Microscopic examination reveals a hyperplastic edematous stratified squamous epithelium with acanthosis and elongated widened rete ridges.[24] Increased melanin pigmentation is present in the basal layer (see image below). In addition, many proliferating dendritic melanocytes or clear cells extend upward into the prickle-cell layers (see images below).

Increased melanin pigmentation in the basal layer Increased melanin pigmentation in the basal layer of a melanoacanthoma (hematoxylin and eosin, original magnification X10).
Proliferating dendritic melanocytes in the prickle Proliferating dendritic melanocytes in the prickle-cell layers of a melanoacanthoma (hematoxylin and eosin, original magnification X40).

The clinical and histologic features of oral melanoacanthoma lesions can resemble those of melanoma in situ.[25] Usually, no evidence of cellular pleomorphism or abnormal mitotic activity is seen in oral melanoacanthoma, and this feature excludes malignancy.

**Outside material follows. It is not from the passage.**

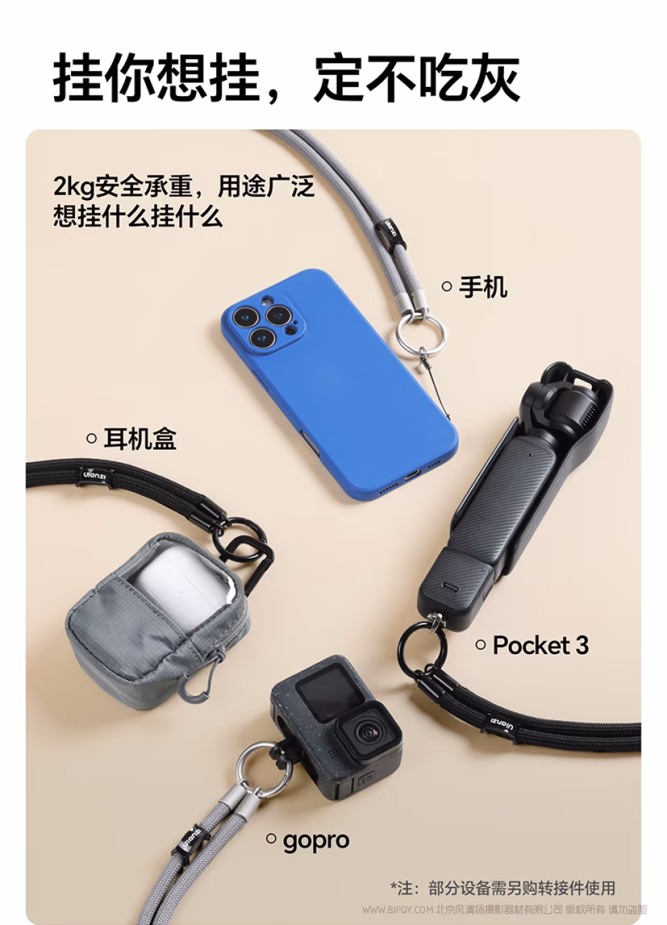 优篮子 Ulanzi AS01 Action挂绳-黑色B213 灰色B215 Action运动相机挂绳 解放双手,轻快出行

In mucosal lesions, mixed chronic inflammatory cells and numerous melanin-laden macrophages densely infiltrate the stratum corneum. This inflammatory process may indicate the reactive rather than the neoplastic nature of the lesion.[26, 27]



Medical Care

No medical treatment for mucosal or cutaneous lesions is known. A low risk of recurrence exists. In patients with mucosal lesions, treatment may be limited to removal of the precipitating stimulus.[28] Lesions spontaneously resolve in approximately 40% of patients with oral lesions.[2]

Surgical Care

Surgical excision is the treatment of choice for both mucosal and cutaneous lesions. Because rare cases of premalignant or malignant cutaneous lesions are reported, wider resection with clear margins is recommended. In benign cutaneous melanoacanthoma, local excision or ablation of the site is adequate. If mucosal lesions do not resolve, local excision or ablation is indicated.

Cryosurgery, electrosurgery, or laser treatment[29] may be used to remove lesions; however, these modalities may jeopardize the microscopic diagnosis. Specific laser utilization must be stated on the biopsy order.


No evidence of malignant transformation has been reported. No complications arise from incisional or excisional biopsy.